[Collected data]
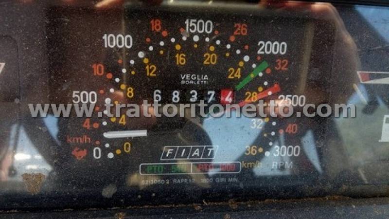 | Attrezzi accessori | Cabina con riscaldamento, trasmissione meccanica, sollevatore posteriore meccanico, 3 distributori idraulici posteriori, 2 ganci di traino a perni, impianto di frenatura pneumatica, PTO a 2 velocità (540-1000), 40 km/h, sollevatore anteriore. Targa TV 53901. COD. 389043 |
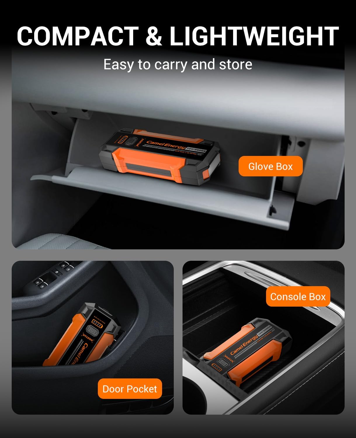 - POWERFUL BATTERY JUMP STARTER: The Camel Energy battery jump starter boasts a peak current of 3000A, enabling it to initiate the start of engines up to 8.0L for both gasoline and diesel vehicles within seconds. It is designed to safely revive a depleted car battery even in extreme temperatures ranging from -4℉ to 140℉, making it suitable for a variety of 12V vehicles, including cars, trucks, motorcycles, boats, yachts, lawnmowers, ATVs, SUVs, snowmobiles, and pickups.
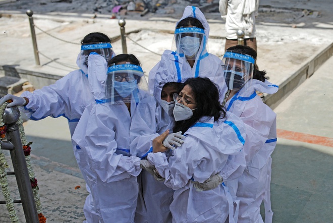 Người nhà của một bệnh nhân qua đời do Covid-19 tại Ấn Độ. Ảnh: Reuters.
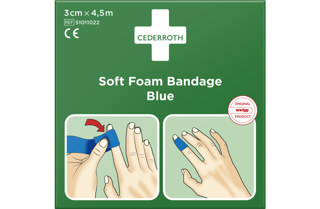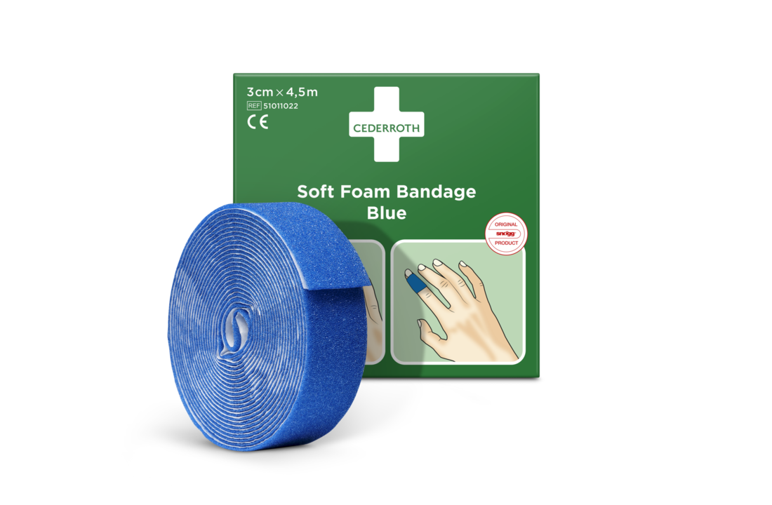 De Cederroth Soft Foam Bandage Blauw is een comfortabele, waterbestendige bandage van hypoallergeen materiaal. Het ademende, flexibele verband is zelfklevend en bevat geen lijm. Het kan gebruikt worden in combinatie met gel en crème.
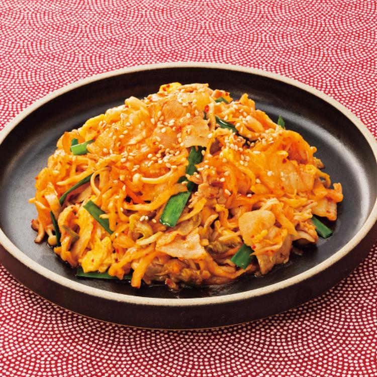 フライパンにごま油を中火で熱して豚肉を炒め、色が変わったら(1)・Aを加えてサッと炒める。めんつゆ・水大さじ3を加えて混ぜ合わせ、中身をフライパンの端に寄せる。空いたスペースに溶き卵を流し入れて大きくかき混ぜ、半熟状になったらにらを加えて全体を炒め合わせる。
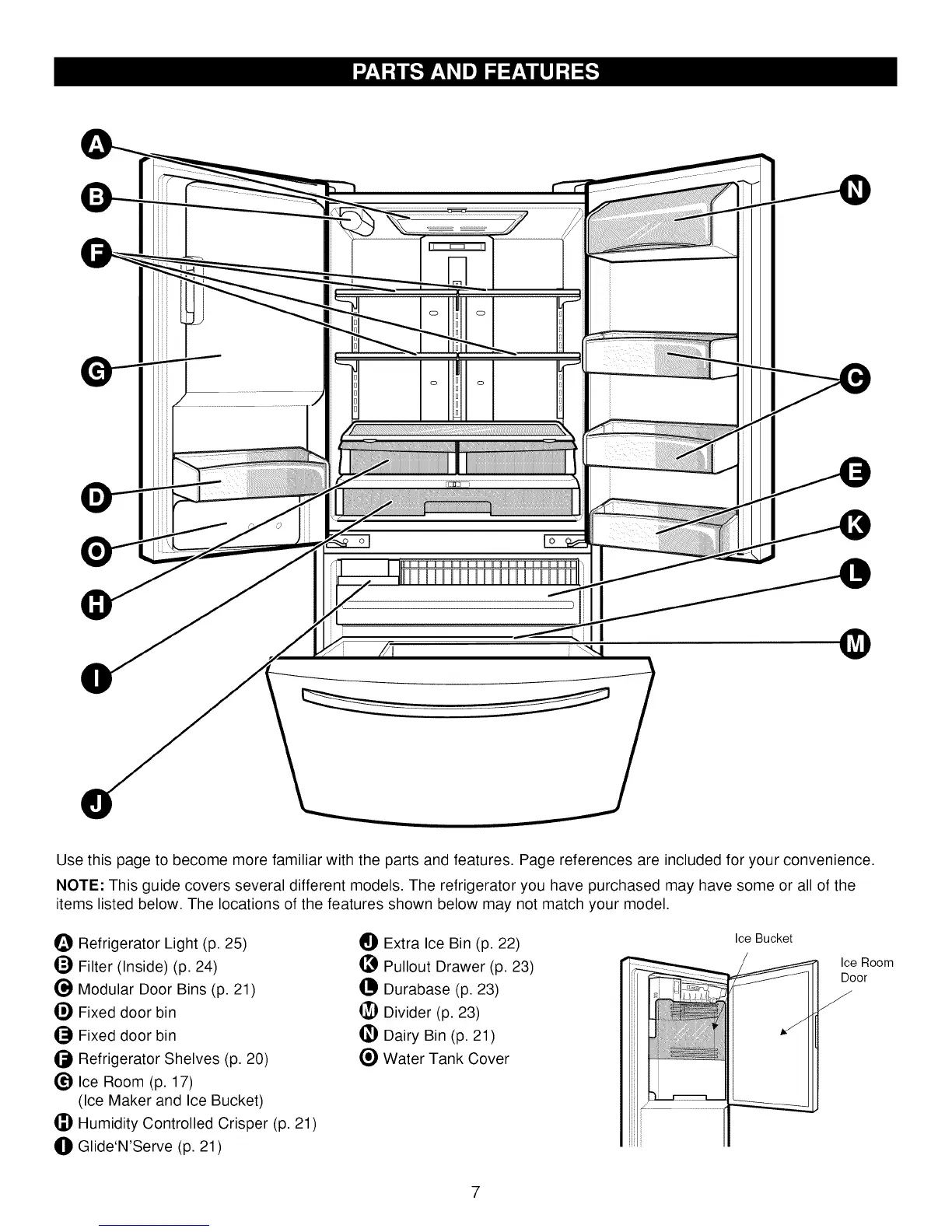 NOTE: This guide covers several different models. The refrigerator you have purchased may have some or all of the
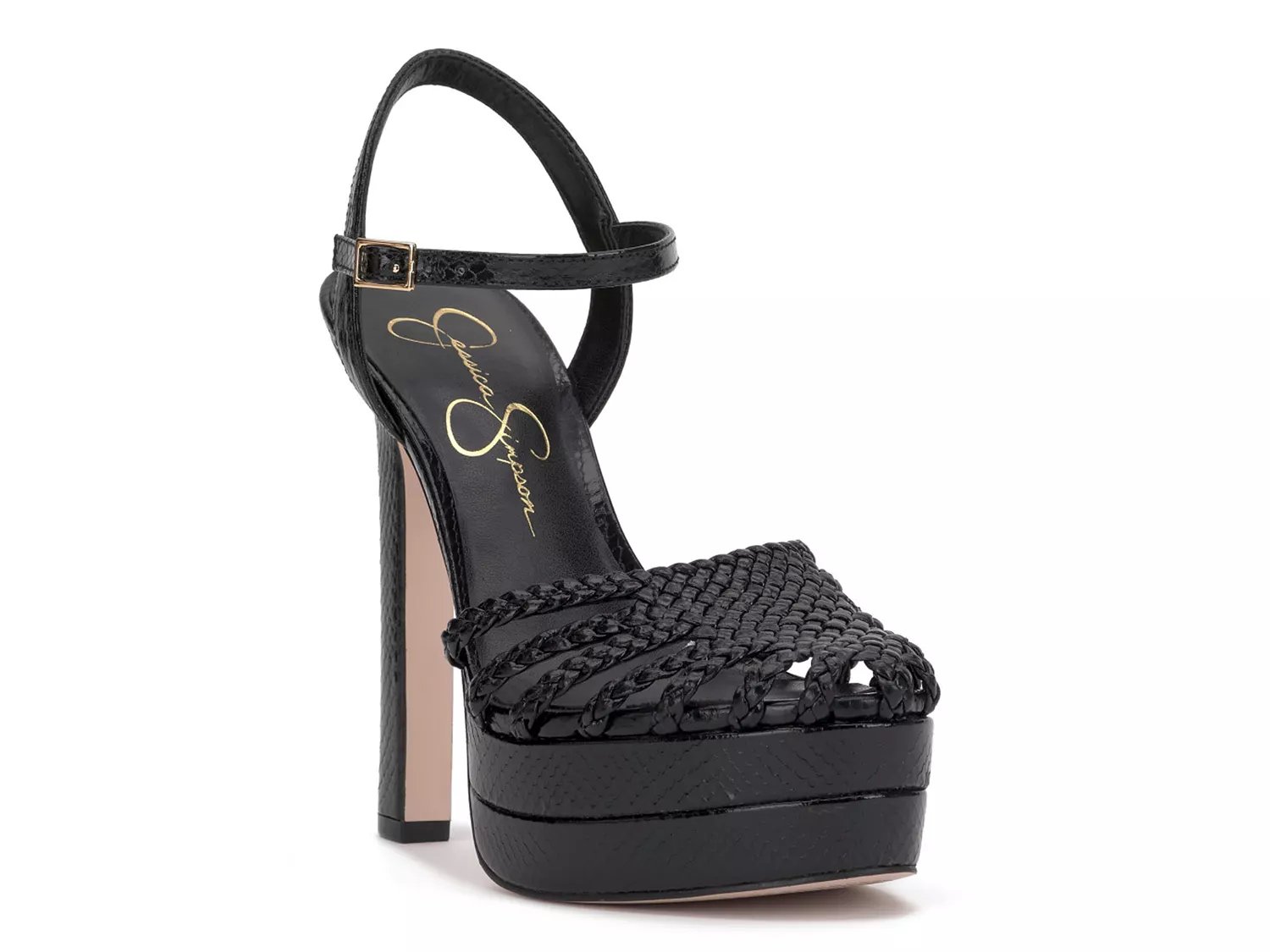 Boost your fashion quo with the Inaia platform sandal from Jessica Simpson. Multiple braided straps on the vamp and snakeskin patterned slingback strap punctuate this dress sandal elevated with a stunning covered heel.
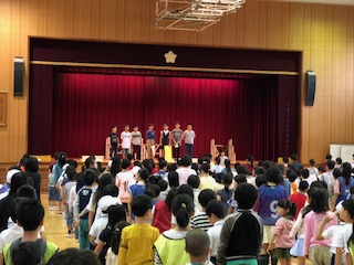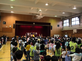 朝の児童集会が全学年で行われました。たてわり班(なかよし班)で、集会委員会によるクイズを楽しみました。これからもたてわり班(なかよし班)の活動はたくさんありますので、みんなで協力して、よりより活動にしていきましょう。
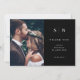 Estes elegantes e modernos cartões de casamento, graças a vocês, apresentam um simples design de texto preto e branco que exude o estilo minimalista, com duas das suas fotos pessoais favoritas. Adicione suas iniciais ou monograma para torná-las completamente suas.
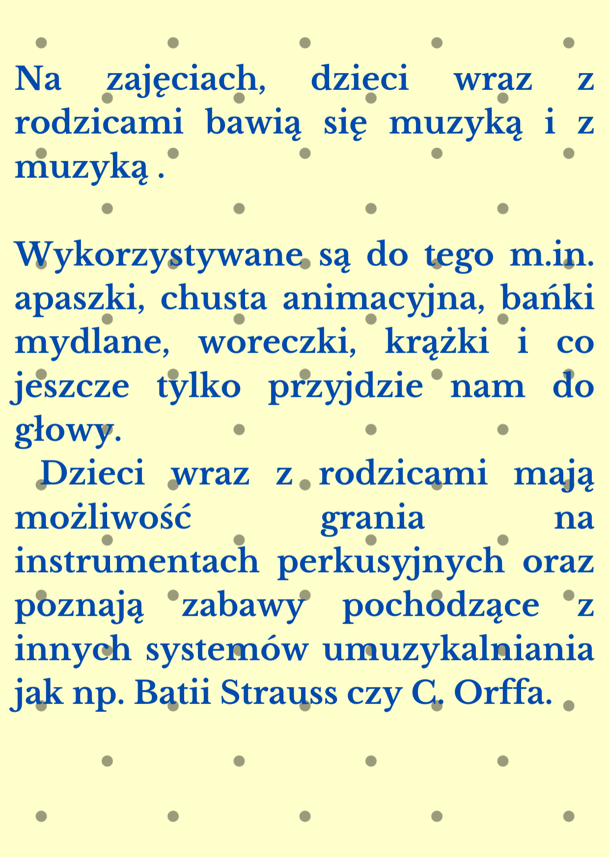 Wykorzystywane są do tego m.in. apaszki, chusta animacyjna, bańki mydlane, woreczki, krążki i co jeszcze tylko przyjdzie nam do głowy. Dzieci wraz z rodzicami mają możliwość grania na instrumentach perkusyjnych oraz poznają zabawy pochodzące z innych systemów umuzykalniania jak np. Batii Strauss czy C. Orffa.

-- WHAT YOU ARE ASKED TO DO --
Within the entries above, give again exactly the lines starting at the one that contains "NOTE: This guide" and ending at the one that contains "Boost your fashion", leaving out the pictures.

-- ANSWER TO THE EXERCISE --
 NOTE: This guide covers several different models. The refrigerator you have purchased may have some or all of the
 Boost your fashion quo with the Inaia platform sandal from Jessica Simpson. Multiple braided straps on the vamp and snakeskin patterned slingback strap punctuate this dress sandal elevated with a stunning covered heel.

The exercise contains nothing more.